From Oyez:
Facts of the case
K. Leroy Irvis, a black man who was a guest of a white member of the Moose Lodge No. 107, was refused service at the club's dining room because of his race. The bylaws of the Lodge limited membership to white male Caucasians. Irvis challenged the club's refusal to serve him, arguing that the action of the Pennsylvania liquor board issuing the Lodge a license made the club's discrimination "state action."
Question
Did the discriminatory practices violate the Equal Protection Clause of the Fourteenth Amendment? [See casebook p. 1162: "While the principle is easily stated, the question of whether particular discriminatory conduct is private, on the one hand, or amounts to “state action,” on the other hand, frequently admits of no easy answer. . . ."]
Conclusion
No.
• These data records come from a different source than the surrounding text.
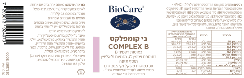 - ויטמינים B1 B2 B3 B4 B5 B6 ו – B12 בצורות הפעילות הביולוגית שלהם, מה שמבטיח יעילות מיטבית.
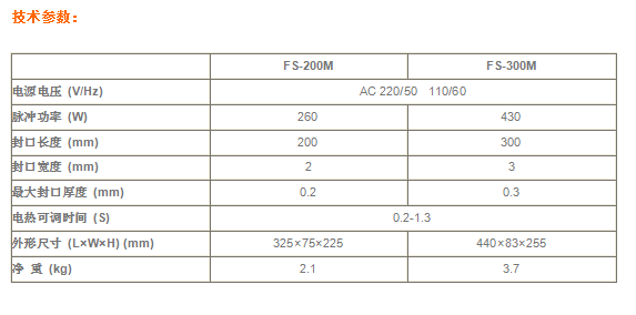 FS-M系列帶中刀手壓式封口機適用于各種塑料薄膜、復合薄膜及鋁塑薄膜的封合,M型在設備中部裝有切刀,封口完畢后可將袋邊切斷。
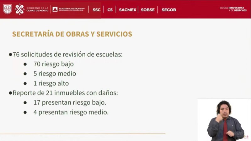 En conferencia de prensa, la administración detalló que tras el movimiento telúrico el C5 tuvo 43 reportes de daños:
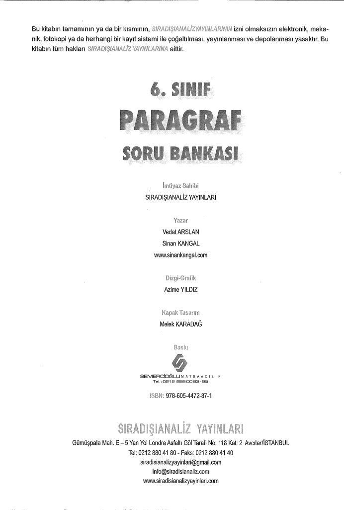 | Yayınevi | SIRADIŞIANALİZ YAYINLARI |
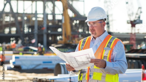Fototapeta premium Civil Engineer Reviewing Blueprints at a Bustling Construction Site at Sunset

In a 6-to-3 decision, the Court held that the Moose Lodge's refusal to serve food and beverages to Irvis because he was black did not violate the Fourteenth Amendment. The Court noted that the state action doctrine did not necessarily apply to all private entities that received benefits or services from the government; otherwise, the Court reasoned, all private associations that received electricity, water, and fire protection would be subject to state regulation. The Court found that the Moose Lodge is "a private social club in a private building," and thus not subject to the Equal Protection Clause.
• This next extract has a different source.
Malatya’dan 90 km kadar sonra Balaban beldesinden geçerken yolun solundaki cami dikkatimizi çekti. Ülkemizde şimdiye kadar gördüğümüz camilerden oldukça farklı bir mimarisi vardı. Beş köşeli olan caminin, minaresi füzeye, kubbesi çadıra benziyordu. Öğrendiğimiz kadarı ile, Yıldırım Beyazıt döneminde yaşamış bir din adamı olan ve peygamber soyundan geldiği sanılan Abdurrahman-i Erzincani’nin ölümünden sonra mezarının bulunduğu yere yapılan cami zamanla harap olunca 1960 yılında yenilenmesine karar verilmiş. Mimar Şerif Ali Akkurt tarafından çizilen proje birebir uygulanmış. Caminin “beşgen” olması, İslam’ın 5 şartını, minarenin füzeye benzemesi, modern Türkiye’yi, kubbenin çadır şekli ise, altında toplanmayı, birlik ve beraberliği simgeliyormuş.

How is this case different from Burton? See p. 1163: "In short, while Eagle was a public restaurant in a public building, Moose Lodge is a private social club in a private building."
Justice Douglas points to the "scarcity" of liquor licenses as a factor pointing toward state action. Thoughts? What about a private club that limits membership to persons holding certain ideological beliefs, say a club that limits membership to socialists or libertarians? If granted a liquor license, must they refrain from discriminating on the basis of ideological viewpoints under the theory of the dissent?